A study in New York City revealed a threefold higher risk of infection among pregnant women living in neighborhoods with the most crowded households. Poverty and unemployment also appeared to increase the likelihood of infection.
All data and statistics are based on publicly available data at the time of publication. Some information may be out of date.
SARS-CoV-2, which is the coronavirus that causes COVID-19, can spread when a person coughs or sneezes, when they make physical contact with someone else, and when they touch a surface that is contaminated with the virus.
Past research has suggested that housing has a powerful influence on the transmission of infections that spread via physical contact and airborne droplets, such as tuberculosis.
A new study by researchers at Columbia University Irving Medical Center in New York City, NY, suggests that this has contributed to a higher risk of hospitalization with and death from COVID-19 among people who live in the most deprived areas of cities.
The scientists have now published their results in JAMA.
“Our study shows that neighborhood socioeconomic status and household crowding are strongly associated with risk of infection,” says study leader Dr. Alexander Melamed, an assistant professor of obstetrics and gynecology at Columbia University Vagelos College of Physicians and Surgeons.
“This may explain why Black and Hispanic people living in these neighborhoods are disproportionately at risk [of] contracting the virus,” he adds.
Dr. Melamed and colleagues investigated SARS-CoV-2 infections among women who lived in the city and gave birth at two hospitals in New York City between March 22, 2020, and April 21, 2020. This was the peak of the outbreak in the city.
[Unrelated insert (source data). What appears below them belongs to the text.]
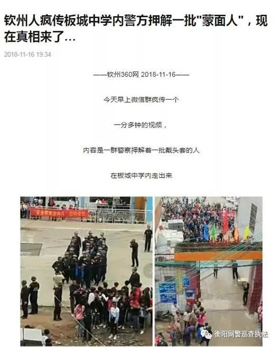 红网12月5日讯 据衡阳市公安局消息,近日,一则视频在抖音、微信朋友圈疯传,视频中,一群警察押解着一批戴头套的人从学校走出来。视频的发布者声称:“祁东步云桥中学8个学生强奸1个女学生并杀死。现全部被抓。”经衡阳网警核实,祁东县公安局最近几天未接到类似警情,该信息中反映情况不属实。视频真相是,11月16日,钦州8名涉案人员对1998年聚众斗殴命案、寻衅滋事等案件进行集中公开辨认作案现场活动。为提高在校学生的法制意识,钦北警方还结合此次公开辨认作案现场活动到板城镇中学开展了法制宣传教育。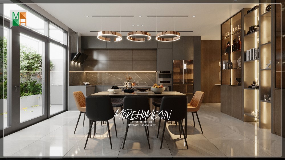 Không gian trong phòng ăn thoải mái, giúp cho chúng ta có thể thưởng thức các món ăn ngon và trò chuyện với những người thân yêu nhất.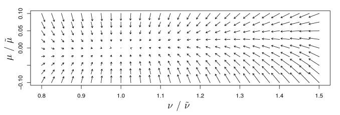 图 2:对于ω = 0 和 τ = 1,上图描述了将均值µ(x 轴)和方差 v(y 轴)映射到下一层的均值 µ˜和方差ν˜。箭头展示了由 g : (µ, ν) → (˜µ, ν˜) 映射的 (µ, ν) 的方向。映射 g 的不动点为 (0, 1)。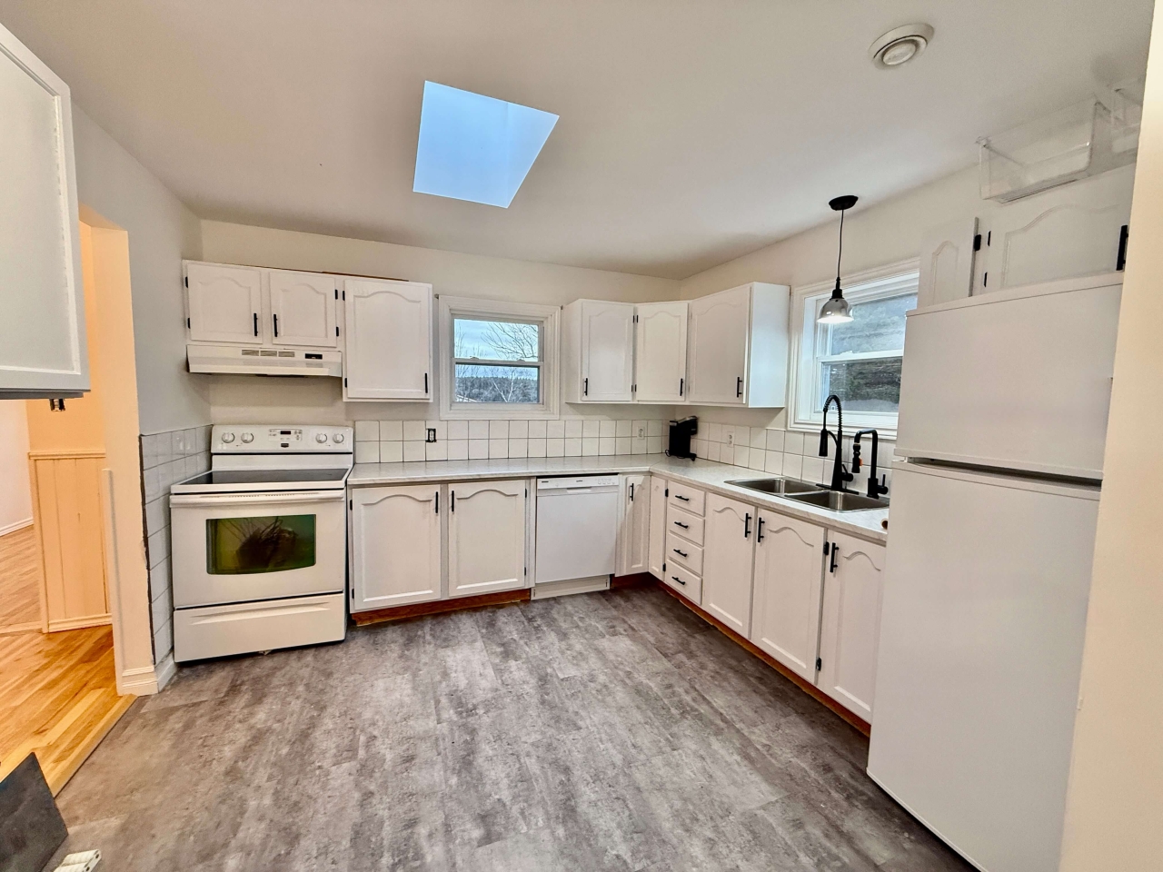 Step inside to an open-concept living space that feels instantly comfortable. The spacious kitchen and dining area flow naturally into the main living room, creating a functional layout ideal for everyday living or entertaining. Natural light fills the space, enhanced by some upgraded light fixtures that add a modern touch.
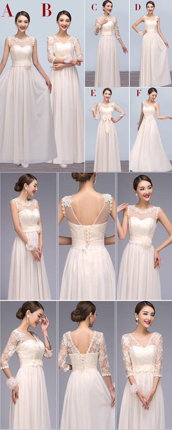 Mismatched Chiffon Lace Champagne Long Different Styles Cheap Floor-Length Bridesmaid Dresses, WG121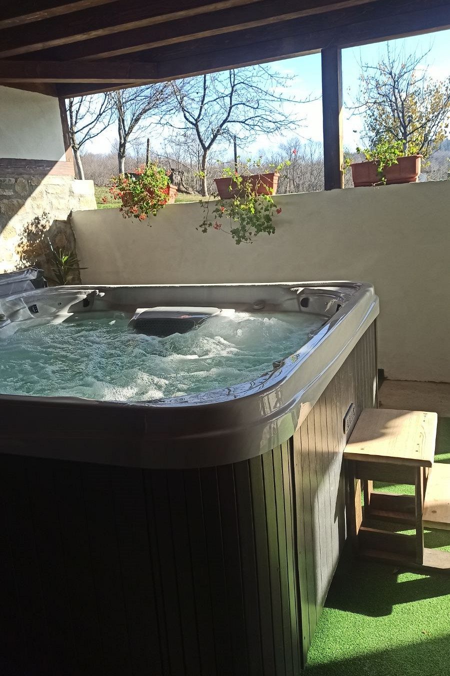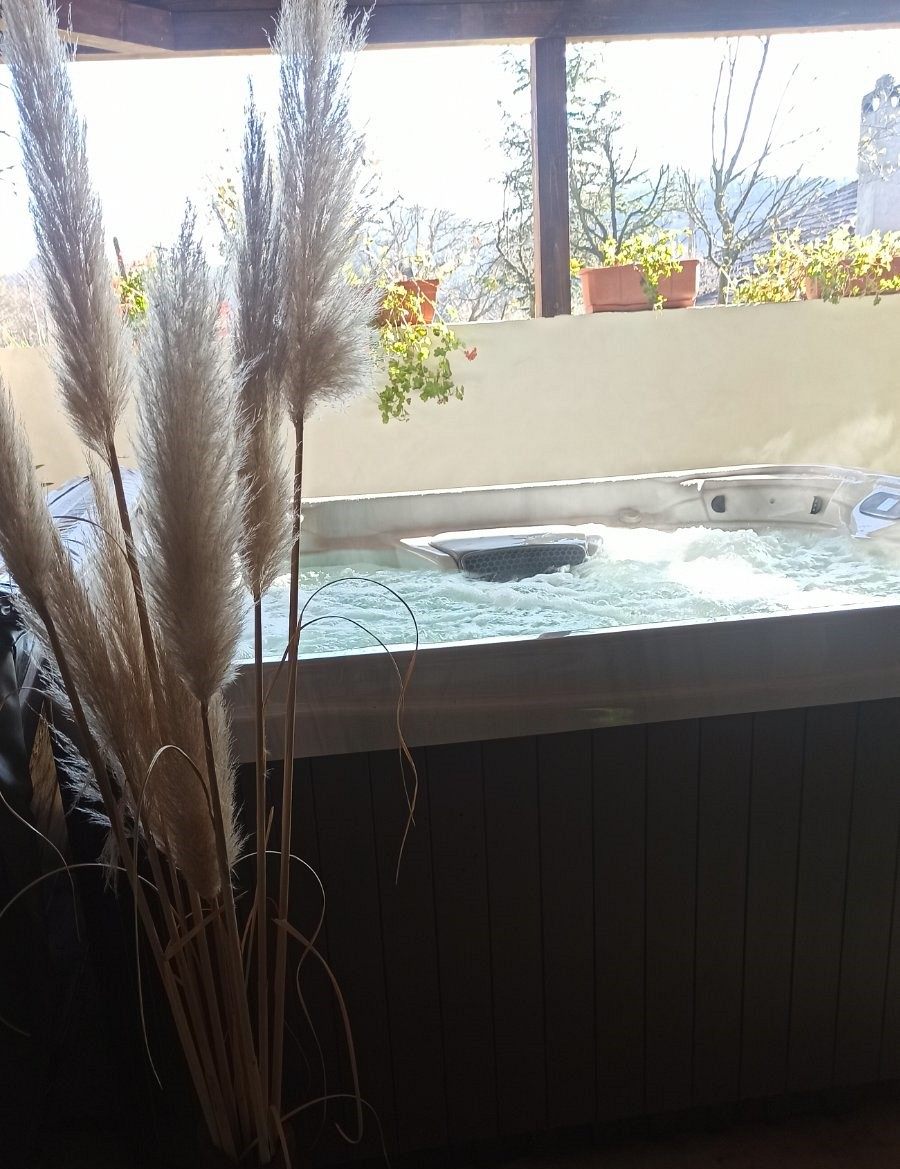 В обширната озеленена градината има кът за релакс, целогодишно джакузи, детски кът с люлки, батут и пързалка. Дворът е обезопасен, с налични паркоместа.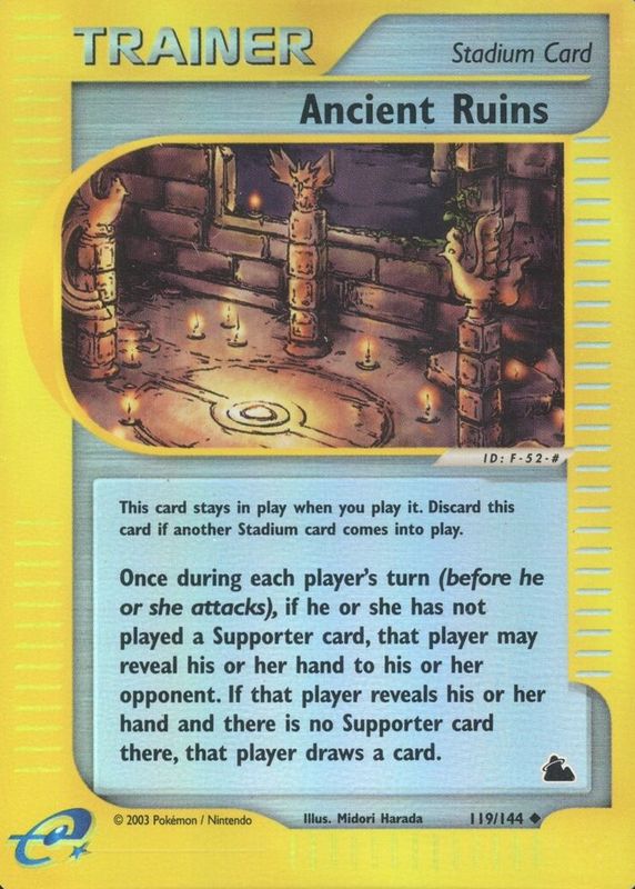 Ancient Ruins' Pokemon cards are available in at least 2 sets. Ancient Ruins' biggest 7-day price movers are 2003 Skyridge #119/144 Reverse Holo, 2003 Skyridge #119/144 Base, and 2002 Japanese Mysterious Mountains #84/88 1st Edition.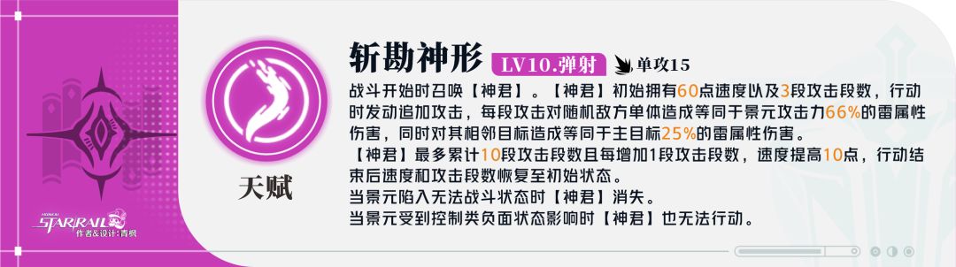 ●【神君】段数由景元的战技+终结技累积,段数增加时【神君】速度也会相对提升,实战中未满段数时可选择插入终结技提升段数;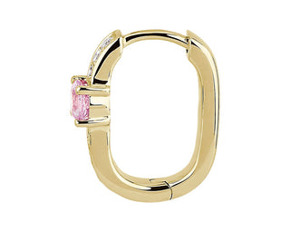 Front Facing Pink Sapphire And Diamond Hoop Earrings In 14k Yellow Gold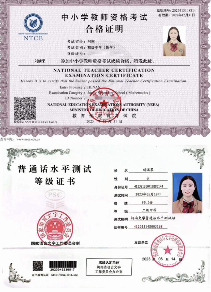 刘满果也多次参加社会实践活动,以实际行动传递温暖,用点滴善举诠释青年担当。她连续三年投身暑期“三下乡”社会实践活动,始终以脚步丈量祖国大地的广度,以行动传递青年精神的温度,在基层一线的实践课堂中淬炼成长、践行担当。2023年在“童心港湾 筑梦暖阳”爱心支教团担当知识的传递者与梦想的守护者,2024年在“‘河’力助农 ‘乡’约青春”基层服务践行团担当资助政策的传播者与走访田间地头的调研者,2025年在“‘豫’见青霞 ‘河’你相约”红色文化实践团担当红色基因的传承者与社区服务的实践者。此外,她也注重在生活中全面发展,目前已取得中小学教师资格考试合格证明以及普通话水平测试二级甲等证书。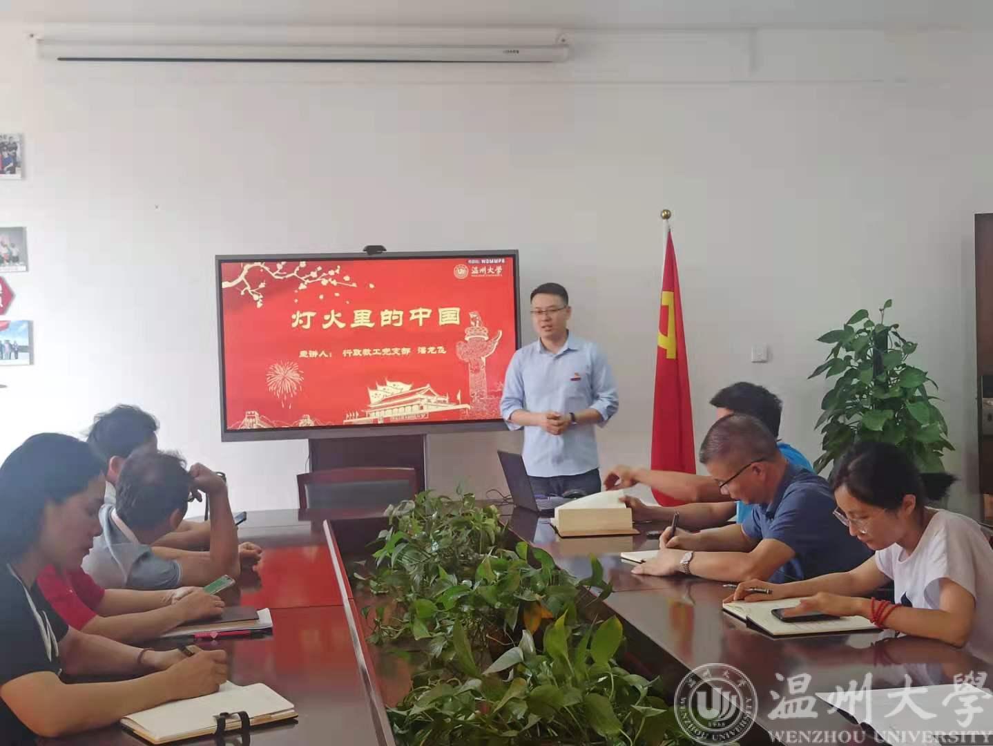 紧接着,由支部党员潘龙飞讲党课。潘龙飞同志是学校党史学习“8090”宣讲员,曾获学校微党课大赛一等奖,这次他带来的微课主题是《灯火里的中国》。“2021年春晚,当我看第一次听到《灯火里的中国》这首温暖而动人的歌曲,脑袋里便一次一次循环播放着,时不时浮现小时候的记忆。依稀记得,那时候会经常停电,很多时候都要点着煤油灯、打着手电筒做作业,现在条件慢慢的变好了很多”,他从《灯火里的中国》这首歌曲出发联想到国家实现14亿人“全民用电”的伟大奇迹,再到全民脱贫攻坚战的胜利,体现了在中国共产党的引领下,中国人民坚强不屈,努力创造幸福生活的伟大精神。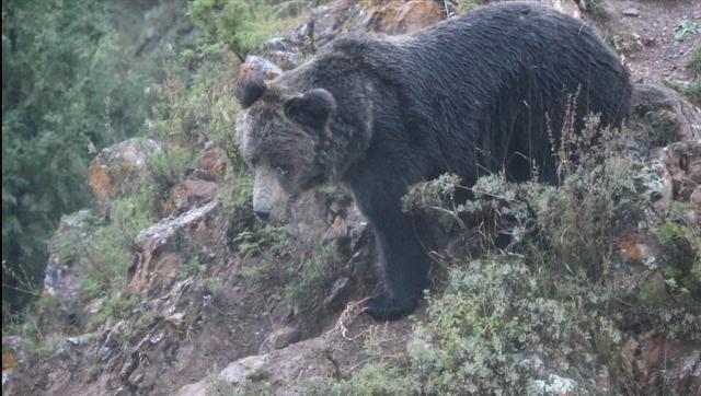 最令他们惊喜的就是看到了藏棕熊。据介绍,西藏棕熊亦称藏蓝熊,是世界上最稀有的熊亚种之一,也被称为藏棕熊、马熊、喜马拉雅蓝熊、喜马拉雅雪熊和山熊。1854年由英国动物学家艾德华·布莱首次分类。分布于中国(西部、西藏东部)、尼泊尔的高山地区,在不丹也有但很少见。被列入《华盛顿公约》CITES 附录Ⅱ级保护动物,中国二级重点保护动物。

A limitation of some other studies examining the risk of contracting the virus is that testing is often restricted to people who are sick. More than 40% of people with the virus may show no symptoms.
However, because all the women in the new study underwent testing on admission to the hospital, its results included those who had the virus but were asymptomatic.
The researchers cross-linked the patients’ home addresses with local data about housing and socioeconomic factors from the United States Census Bureau’s American Community Survey and New York’s Department of City Planning.
Out of the 396 women included in the study, 71 (17.9%) tested positive for the virus.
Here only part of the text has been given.